WORK ORDER » Reproduce exactly the lines from the start of the records through the line containing "4月21日10时至22日10", both included. Leave the pictures out.

Data entries »

########################################

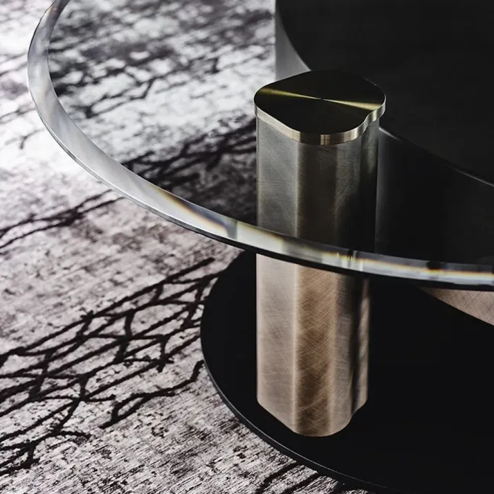Il prezzo si riferisce al tavolino Arena Bond completo di tavolino principale verniciato Brushed Bronze o Bushed Grey affiancato da un tavolino con base in acciaio verniciato goffrato Nero, colonna in acciaio verniciato Brushed Bronze e piano girevole in cristallo bisellato Fumè.
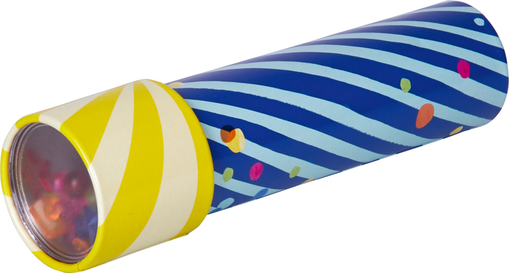Durchschauen, drehen und in eine farbenfrohe Welt abtauchen! Kunterbuntes Kaleidoskop aus Metall, das Kinderaugen zum Staunen bringt. In 3 Designs.
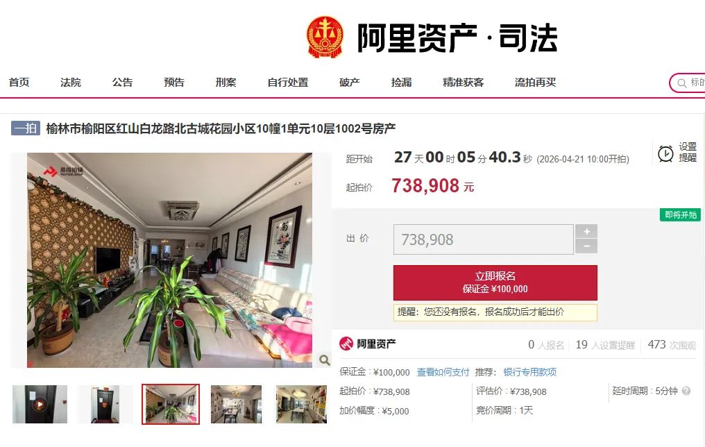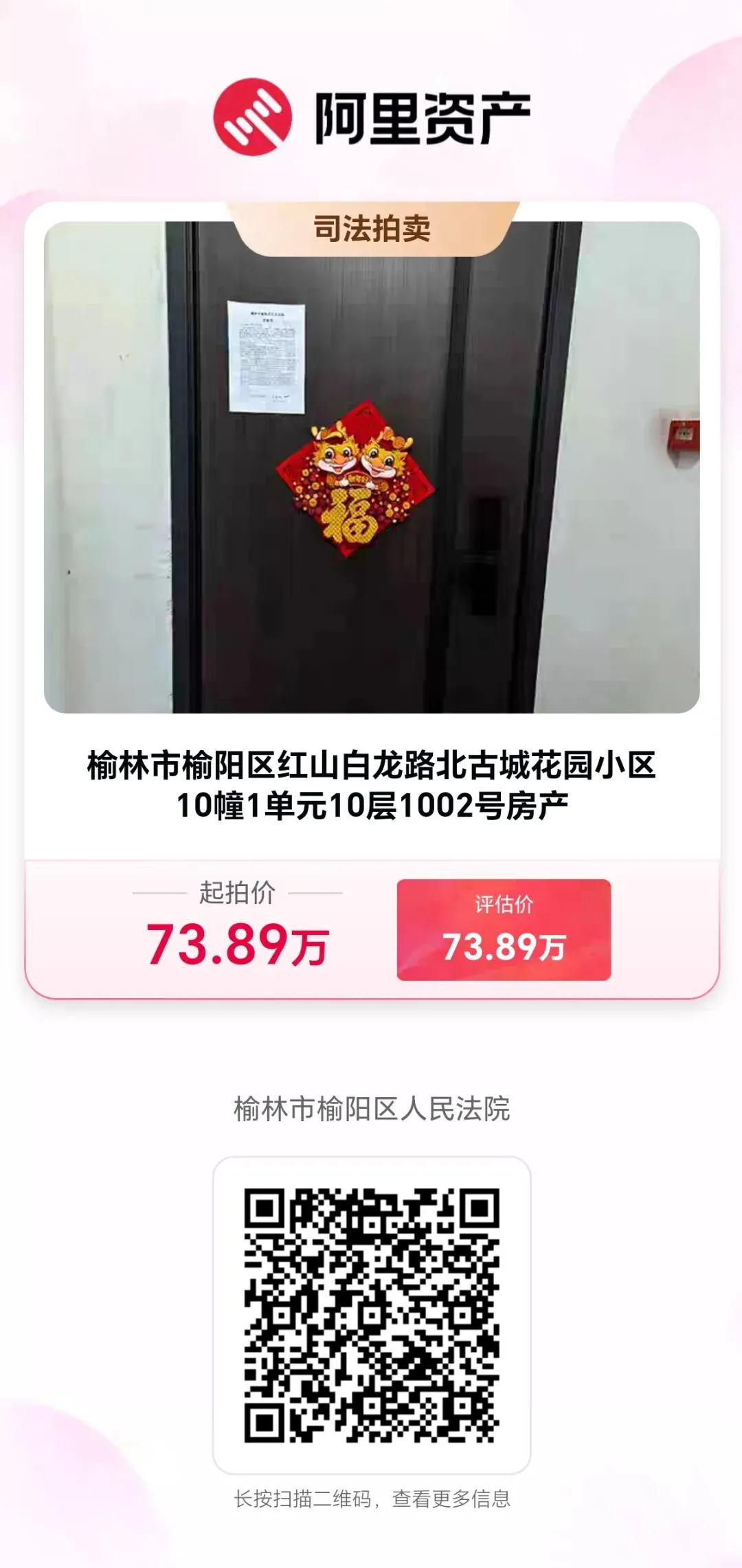 4月21日10时至22日10时,榆阳法院将在淘宝网司法拍卖平台上,拍卖榆阳区古城花园小区房产,73万元起拍!
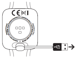 Avant d'allumer votre montre pour la première fois, il est conseillé de charger complètement sa batterie. Pour cela, connectez le câble de chargement à l'arrière de l'appareil et le connecteur USB à un port USB de charge.
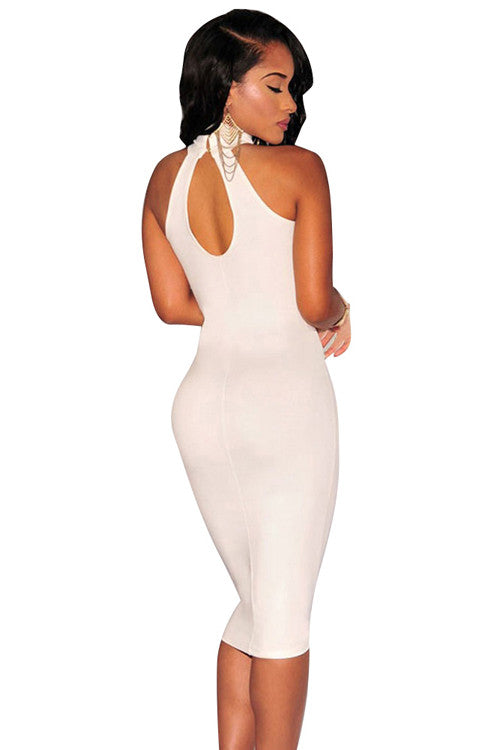 White Hollow Lace Nude Illusion Hi-low Party Dress
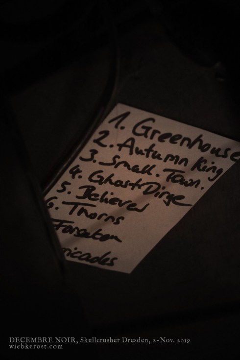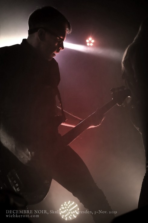 Düster, schleppend und mit tiefen Growls präsentieren die fünf Mitglieder von DECEMBRE NOIR eine deftige aber auch eingängige Kombination aus Death und Doom Metal. Die Setlist entnehmt ihr bitte den Fotos. Als ich diese nun noch einmal durchhöre, stelle ich fest, dass zu den meisten live gespielten Titeln auch professionelle Musik-Videos existieren, die ich ästhetisch durchaus ansprechend aber thematisch als etwas klischeehaft empfinde. Live dargeboten, machen die Songs dagegen durchaus Druck. Der Saal ist inzwischen auch bis in die hinteren Reihen gefüllt und in den vorderen wird von “In This Greenhouse Of Loneliness And Clouds” bis “Barricades” mitgebangt. Ein insgesamt kompakter und souveräner Auftritt, an dem es wenig zu kritteln gibt. Allein, dass mich DEKADENT dann doch einen Hauch mehr fasziniert haben.
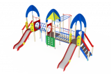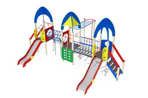 Три башни выполнены из четырёх клеёных брусьев 90х90 мм высота 2500 мм; пол из ламинированной фанеры, с антискользящим покрытием 1000х1000 мм, толщиной 18 мм; над одной башней имеется четырехскатная крыша из фанеры толщиной 9 мм, которая крепятся на декоративные арки из фанеры толщиной 18 мм, размер 1420х970 мм, две башни украшены только арками, без скатов крыши, кромки фанеры тщательно шлифованы, фанера окрашена в синий и желтый цвет. Размер башен 1000х1000х3470 мм. |
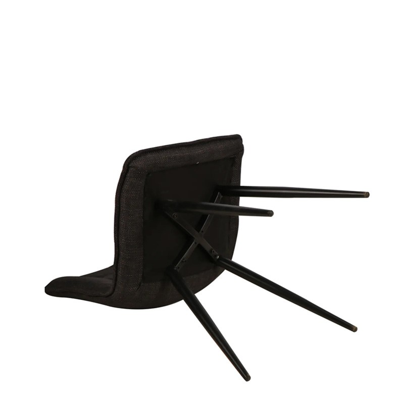 Quatre pieds en métal noir aux finitions mates, disposés en "compas", assurent une stabilité parfaite tout en affinant la silhouette de la chaise.
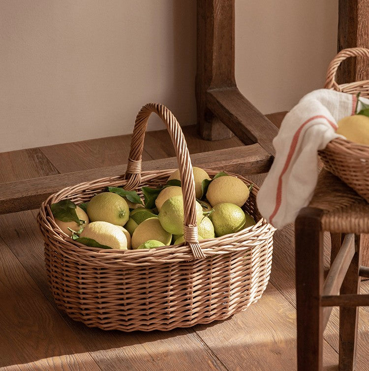 Lovely Willow Weaving Baskets for Vegetable, Large Picnic Food Basket with Handle, Natural Hand-woven Wicker Storage Basket, Natural Fruit Basket, Kitchen Storage Baskets
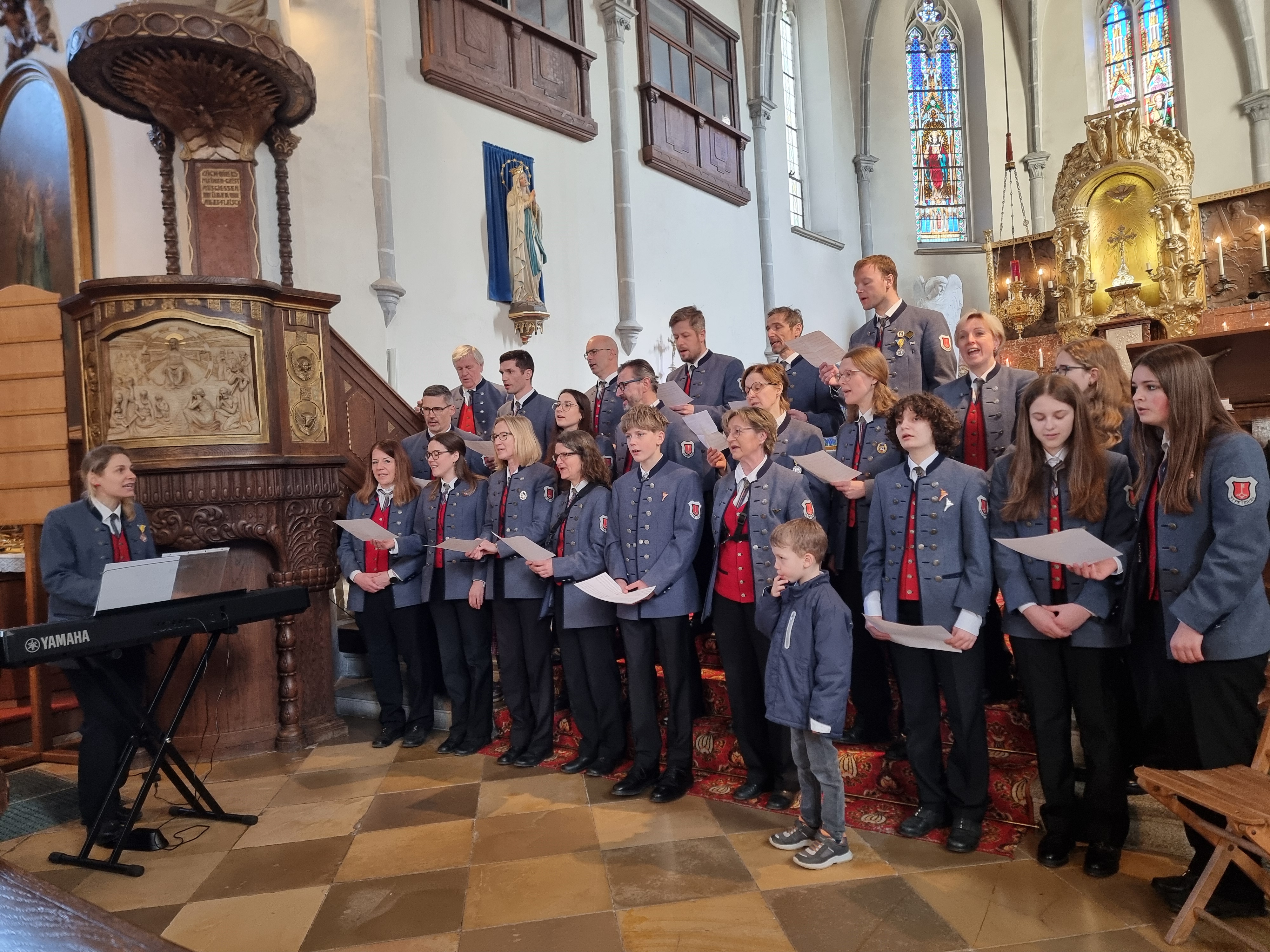 Am Ende überraschte die Musikkapelle die zahlreichen Kirchenbesucher mit einer eindrucksvollen Klangkulisse: Eingeleitet von Trommelschlägen und Oboensolo gaben die in der Kirche verteilten Musiker:innen „Highland Cathedral“ zum Besten. Auch die Musijugend durfte nicht fehlen und gestaltete den Festgottesdienst mit.
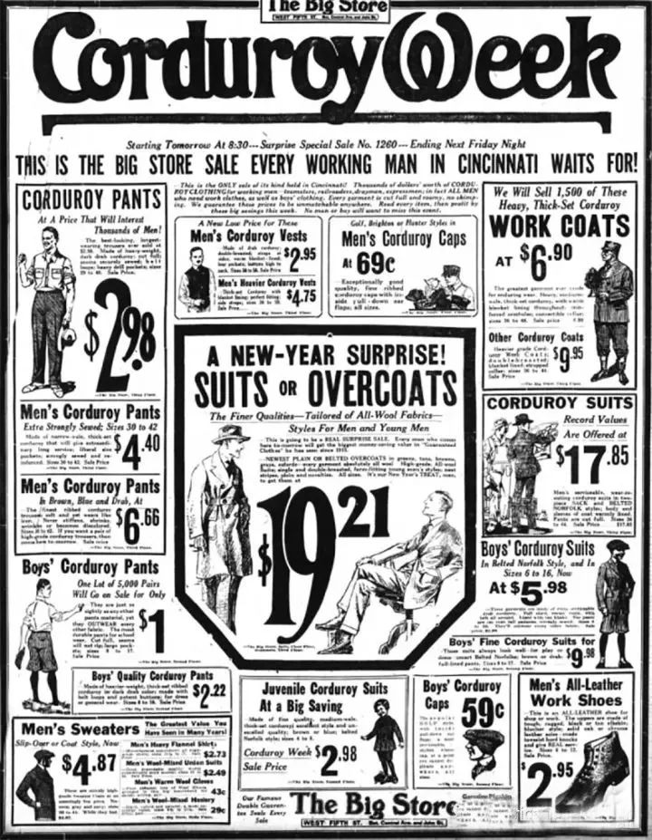 从1920年到1950年,灯芯绒完成了从传统的工装和制服,向时尚、潮流转变的过程。

########################################

ANSWER FOR THE TASK »
Il prezzo si riferisce al tavolino Arena Bond completo di tavolino principale verniciato Brushed Bronze o Bushed Grey affiancato da un tavolino con base in acciaio verniciato goffrato Nero, colonna in acciaio verniciato Brushed Bronze e piano girevole in cristallo bisellato Fumè.
Durchschauen, drehen und in eine farbenfrohe Welt abtauchen! Kunterbuntes Kaleidoskop aus Metall, das Kinderaugen zum Staunen bringt. In 3 Designs.
 4月21日10时至22日10时,榆阳法院将在淘宝网司法拍卖平台上,拍卖榆阳区古城花园小区房产,73万元起拍!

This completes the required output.